→ ACTIVITY
Your task is to retype, word for word, the lines from the start of the data through the line holding "На этом фоне". Do not include the pictures.
- Opening Delimiter -
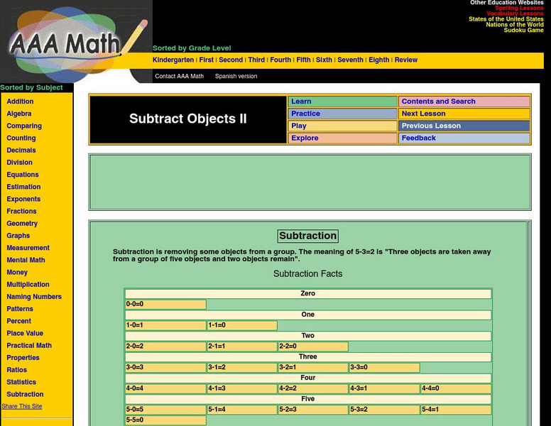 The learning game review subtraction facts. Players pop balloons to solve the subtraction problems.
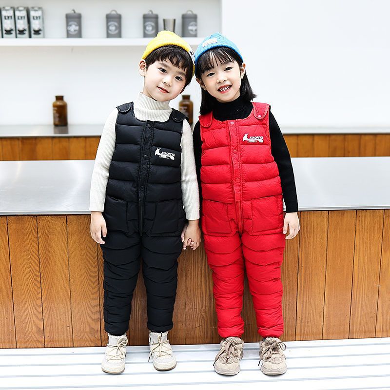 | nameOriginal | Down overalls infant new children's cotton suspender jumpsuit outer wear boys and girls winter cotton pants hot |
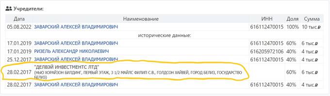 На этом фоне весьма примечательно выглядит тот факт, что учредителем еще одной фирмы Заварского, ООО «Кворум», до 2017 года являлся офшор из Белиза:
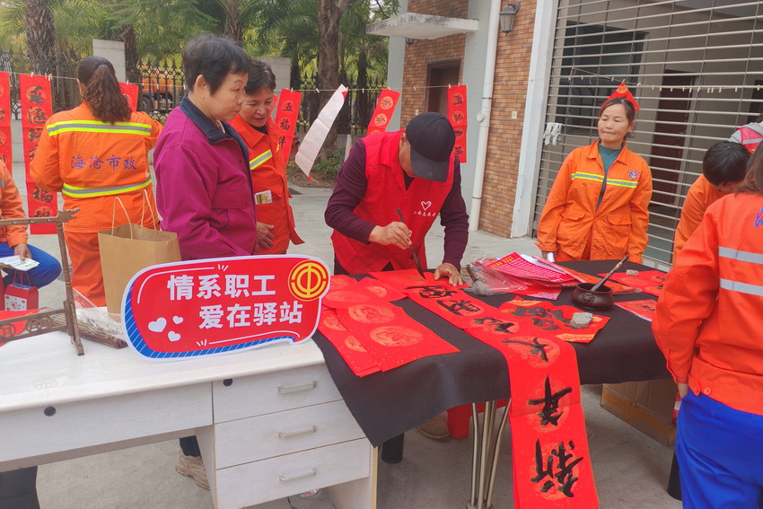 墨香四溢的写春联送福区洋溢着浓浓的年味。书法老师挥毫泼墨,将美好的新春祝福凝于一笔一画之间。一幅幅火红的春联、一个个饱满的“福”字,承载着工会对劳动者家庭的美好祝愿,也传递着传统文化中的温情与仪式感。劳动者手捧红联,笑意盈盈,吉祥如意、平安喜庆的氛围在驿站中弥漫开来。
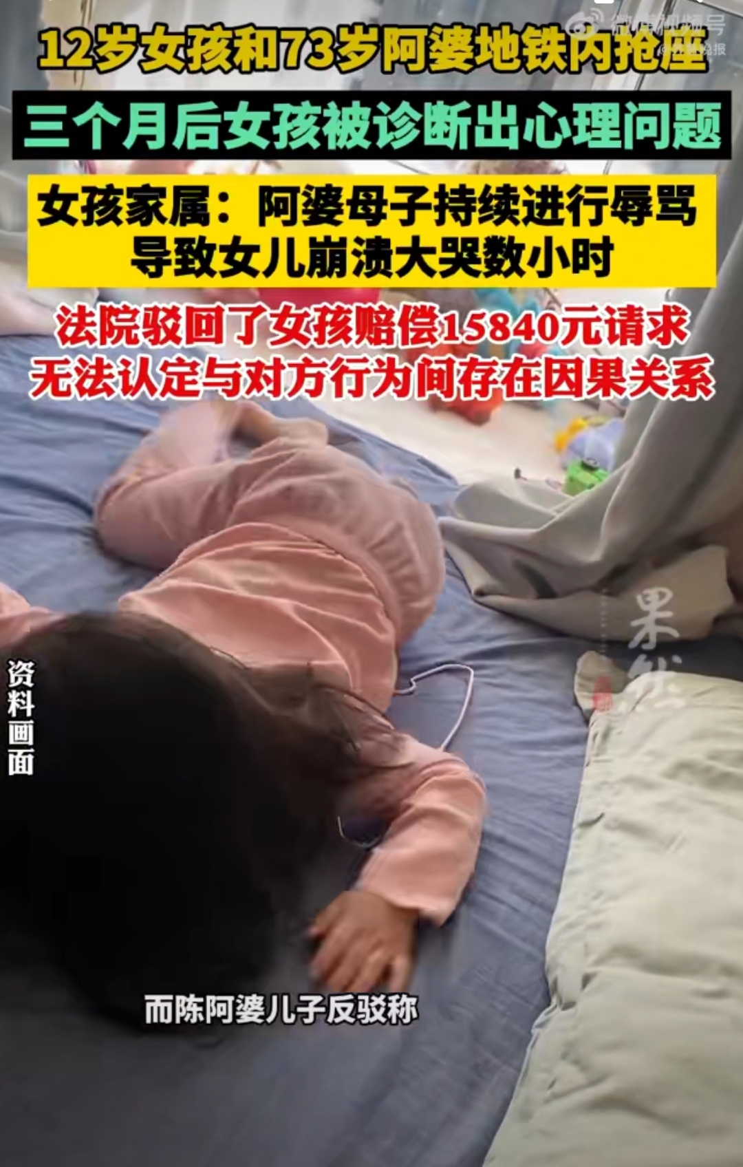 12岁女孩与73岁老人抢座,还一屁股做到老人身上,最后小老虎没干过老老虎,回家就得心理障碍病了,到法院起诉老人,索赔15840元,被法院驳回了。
- Closing Delimiter -
→ EXERCISE ANSWER
 The learning game review subtraction facts. Players pop balloons to solve the subtraction problems.
 | nameOriginal | Down overalls infant new children's cotton suspender jumpsuit outer wear boys and girls winter cotton pants hot |
 На этом фоне весьма примечательно выглядит тот факт, что учредителем еще одной фирмы Заварского, ООО «Кворум», до 2017 года являлся офшор из Белиза:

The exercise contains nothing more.